I fear that Dr. Zak is but one example of the current faddish approach to things neurological. Putting “neuro-” in front of a topic seems to generate groupie-like behavior in business. Hence we have neuro-marketing, neuro-advertising, neuro-leadership – the list is endless.

But like the Emperor’s new clothes, there’s not much ‘there’ there. Not all description deserves to be called an “explanation.”

Though whatever language you say it in, trusting someone does cause them to be more trustworthy

5 replies
  1. Bwhipple
    Bwhipple says:

    Right on, Charlie.  Good piece, as usual. I think the flaw is that Dr. Zak is trying too hard to find a causal relationship.

    It is like the Cheerio’s advertisement, where they link eating more whole grain with heart health. The ad says scientists have discovered that people who eat whole grains tend to have fewer heart attacks.  The implication in the advertisement is that if you eat more whole grains you will have lower risk of a heart attack. 

    The observation is undoubtedly true, but we should not think that going out and eating a bunch of Cheerios will prevent us from having  a heart attack.  What the advertisement fails to point out is that people who tend to eat more whole grains are much more conscientious about their health in general including diet, exercise, and other life habits. That is the true causal relationship.

    If you want to lower your risk of a heart attack, then change your life habits; don’t just go out and buy Cheerios. 

    Reply
    • Charles H. Green
      Charles H. Green says:

      Thanks Bob, always appreciate your perspective. 

      I totally agree with you about the Cheerios example; it’s amazing how many of those multi-colinear examples abound in advertising. And that doesn’t even touch the “if you drink X beer you’ll get the pretty girls…” thing.

      The causal issues can get complex. I could actually believe pretty easily that oxytocin is the direct chemical agent for a set of physiological reactions. But even if so, that raises several other questions.  

      First, are those reactions what we call ‘trust’? Or do they also include optimism, generosity, beneficence, mellow-ness; and what’s the difference? That is, what is the thing that we are claiming is caused, even if there’s no doubt of a causal driver of a reaction?

      Then there’s the issue I was trying to get it regarding description. If I give a toast at a wedding, do I really add anything by way of explanation when I say that the toast was ’caused’ by the chemical reaction which drove me to raise my arm as the result of a series of neurochemical transmissions from my brain?  

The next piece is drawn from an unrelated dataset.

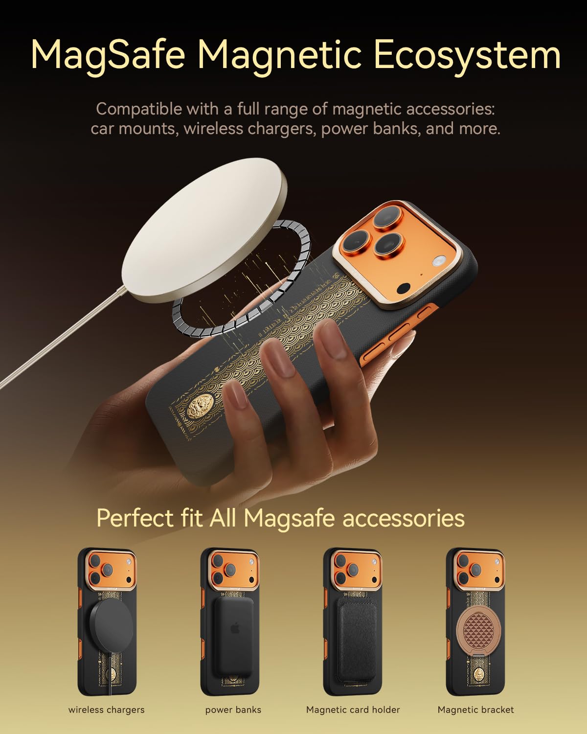 [TURBOCHARGED MAGNETIC ECOSYSTEM – NEVER MISS A CHARGE] Engineered with 36 upgraded N52H thermoresistant magnets, delivering a 50% stronger magnetic lock for unwavering attachment to all for MagSafe chargers and accessories. Enjoy seamless, high-speed wireless charging and perfect alignment every time, with military-grade reliability that won't shift, detach, or disrupt your flow of power—or prosperity.

      We might as well say education is ’caused’ by the chemical reactions in my eyes resulting from the reflection of light off the patterns of ink in a thing we call a ‘book.’

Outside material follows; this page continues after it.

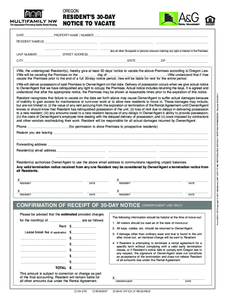OREGONA&GRESIDENTS 30DAY NOTICE TO VACATE AG CEMENT R ENT MENTAL AL M A N A. DATE PROPERTY NAME / NUMBER RESIDENT NAME(S) also all other Occupants or persons unknown claiming any right or interest

      I’m not being very precise about this, but somehow merely describing something just feels like it falls short of giving an explanation, even if there’s something to the causal connection. Nor does eating Cheerios particularly ‘explain’ good heart health. 

      Reply
  2. David Gebler
    David Gebler says:

    Excellent insights Charlie.
    Zak’s premise confirms one of our greatest challenges in developing trust-based and values-based organizations: he feeds the notion that magic pills will solve the problem. How many people read that article thinking that if they could just take some oxytocin they will have trusted relationships.
    Rarely does one see cause and effect so mixed up.

    David Gebler is the President of Skout Group, LLC and the author of The 3 Power Values: How Commitment, Integrity and Transparency Clear the Roadblocks to Performance (2012 Wiley)

    Reply
  3. Worldcitizenjs
    Worldcitizenjs says:

    It’s a matter of competing ideologies, Charles. He thinks like a scientist. Then, again, he is one. Actually, there are multiple explanations for everything. Every book on the shelf claims it’s reasoning is correct, too. Do they not?
         Are you Charles? Charlie? If he did not have the technology to find that little molecule would there be a thing called Oxytocin? (How small is that molecule to him? How small is it to you? How small is it in a microscope? How do we use the “diminutive” in speech?)
         Do you remember our email discussion about “ideology”? But no one else HAD that discussion, except you and I.